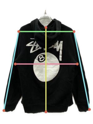 • stussy(ステューシー)stussy (ステューシー) 8 BALL HOODIE ブラック サイズ:Mの古着・服飾アイテム 袖口ヨゴレ有り
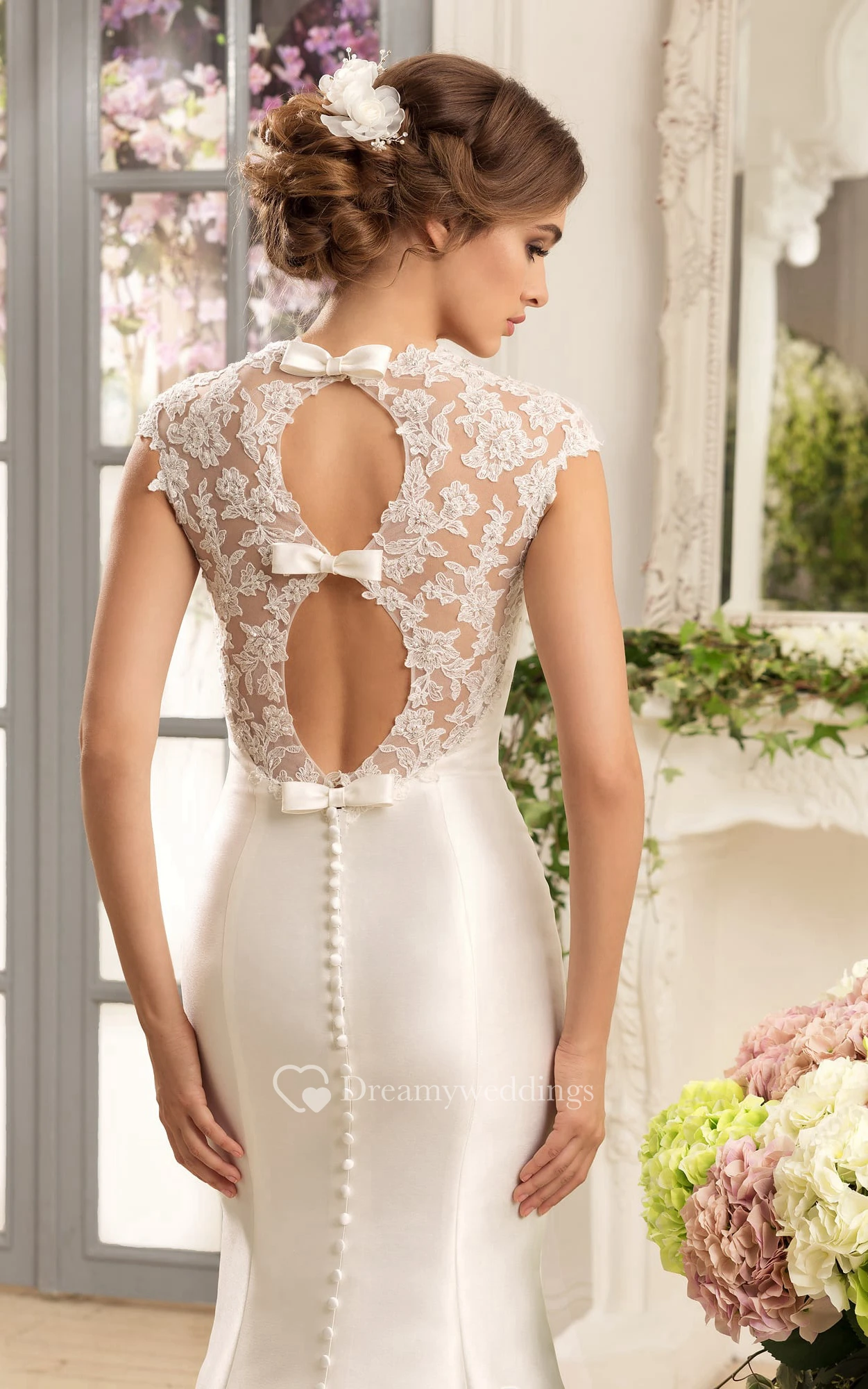 Trumpet Floor-Length Queen-Anne Cap-Sleeve Keyhole Satin Dress With Lace
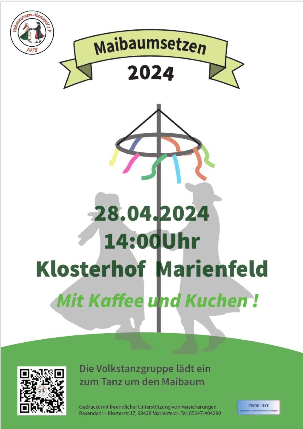 Zum 40. Mal wird in Marienfeld der Maibaum aufgestellt. Organisiert wird das 1. Outdoor-Event des Jahres 2024 von der Volkstanzgruppe Marienfeld.
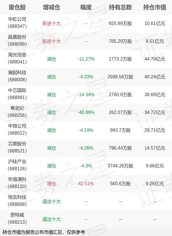 嘉实基金田光远旗下嘉实上证科创板芯片ETF三季报最新持仓,重仓海光信息
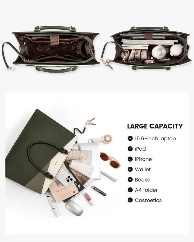 LOVEVOOK Laptop Tote Bag for Women, Leather Business Office Work Bag Computer Briefcase with Small Clutch fit for 15.6 Inch Laptop, Green-Beige-Grey Green
____
Word for word, print out all of the records above; pass over the pictures.

* RESPONSE TO THIS TASK
 • stussy(ステューシー)stussy (ステューシー) 8 BALL HOODIE ブラック サイズ:Mの古着・服飾アイテム 袖口ヨゴレ有り
 Trumpet Floor-Length Queen-Anne Cap-Sleeve Keyhole Satin Dress With Lace
 Zum 40. Mal wird in Marienfeld der Maibaum aufgestellt. Organisiert wird das 1. Outdoor-Event des Jahres 2024 von der Volkstanzgruppe Marienfeld.
 嘉实基金田光远旗下嘉实上证科创板芯片ETF三季报最新持仓,重仓海光信息
 LOVEVOOK Laptop Tote Bag for Women, Leather Business Office Work Bag Computer Briefcase with Small Clutch fit for 15.6 Inch Laptop, Green-Beige-Grey Green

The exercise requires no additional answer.